For some companies it is a huge issue because of their insurance requirements. The company I work for will not hire you if you have had ANY traffic violations within the last 3 years. That is a requirement set forth by the insurance company. 

Other companies won't care too much. Usually the larger companies such as AMR will be the ones to overlook minor infractions as they have different insurance policies. 

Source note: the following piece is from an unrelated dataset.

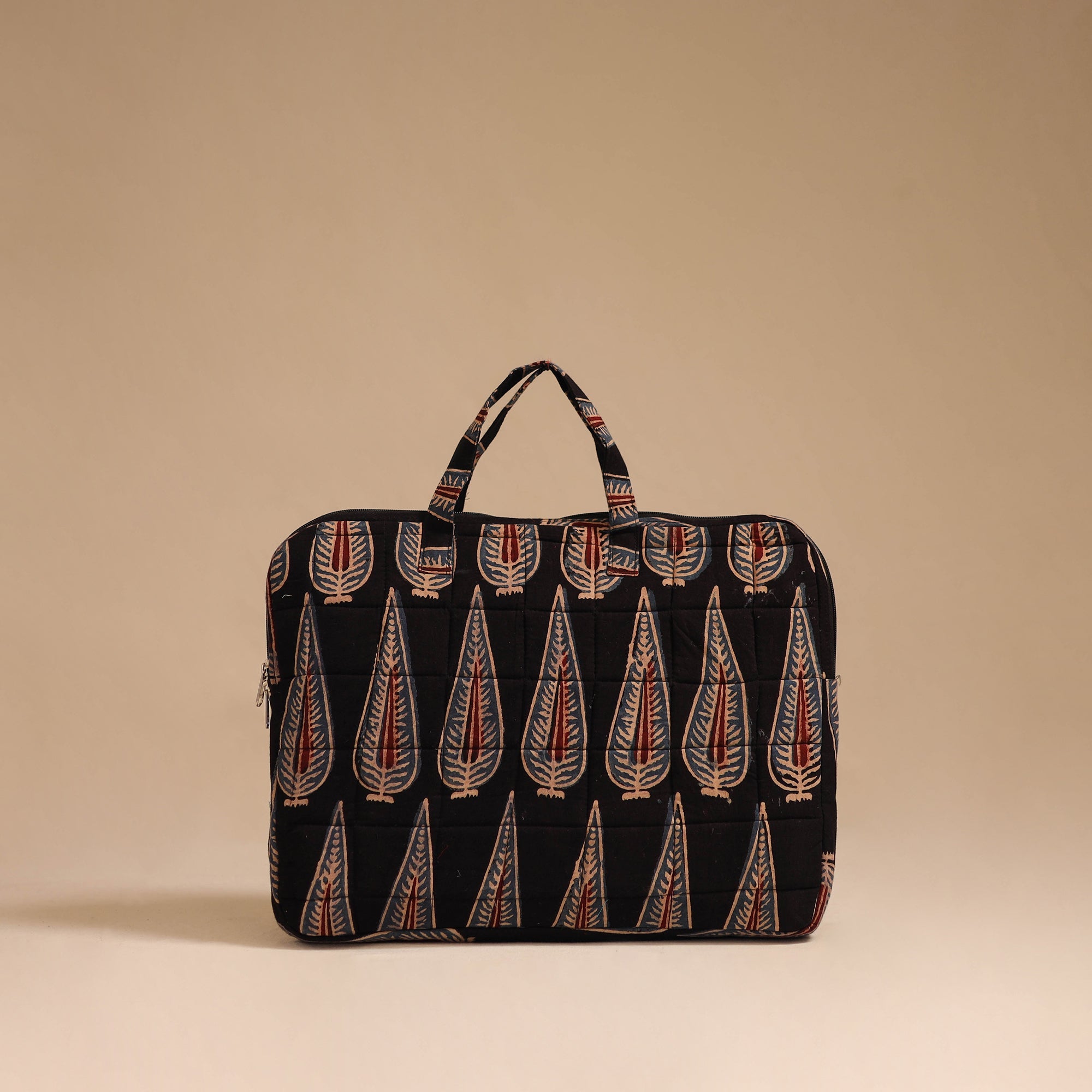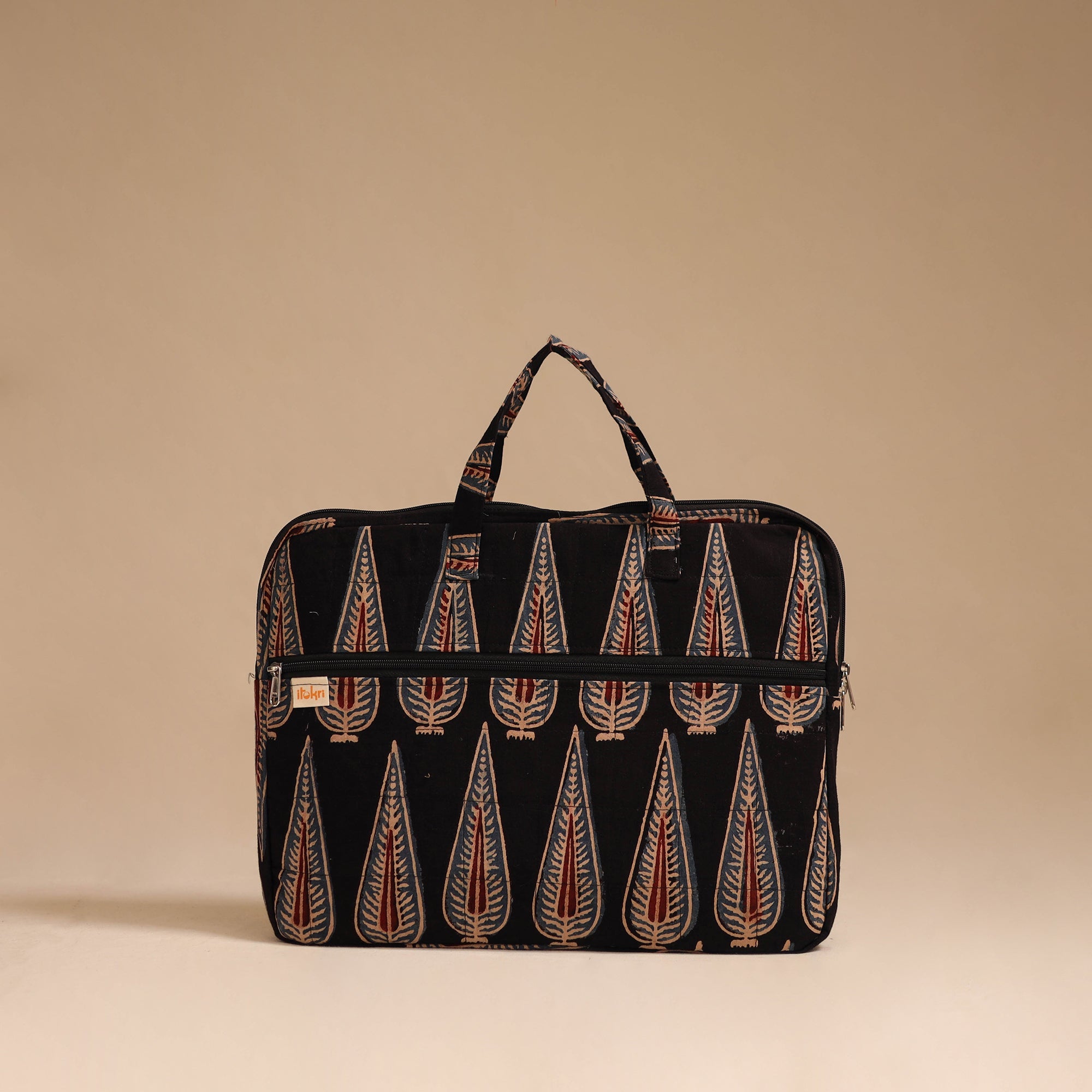 Keep your laptop safe and stylish with this beautifully black quilted cotton laptop bag made by iTokri’s artisans. It features soft inner padding for extra protection, it offers gentle protection against bumps and scratches. The sturdy fabric handles ensure easy handling, while the spacious compartment fits most laptops with ease. A front zipper pocket adds convenience for storing daily essentials during travel or work.

Ultimately, it will be the decision of the insurance company as to whether accept you or not. I know several people who were hired only to be let go because the insurance company would not approve them.


----------



## shfd739 (Sep 4, 2012)

You only have 1 ticket? 

Don't worry about it.

 I know people that are constantly on their second moving violation and the third means termination. Or that were hired with one and have to watch out when they get a second.


----------



## Shepard (Sep 4, 2012)

First of all Congrats on getting an interview around here.
Second, having a speeding ticket may negatively affect your chances. There are possibly hundreds of people who want a job there, many with perfect histories. I personally know three or four people. Don't bring it up in the initial interview unless asked. But don't lie.
Also, don't get discouraged. You can't get the job if you don't go there and give it your absolute best shot. As Rob said, next to someone with a perfect record they're more likely to get picked. So sell yourself!


----------



## mchung (Sep 4, 2012)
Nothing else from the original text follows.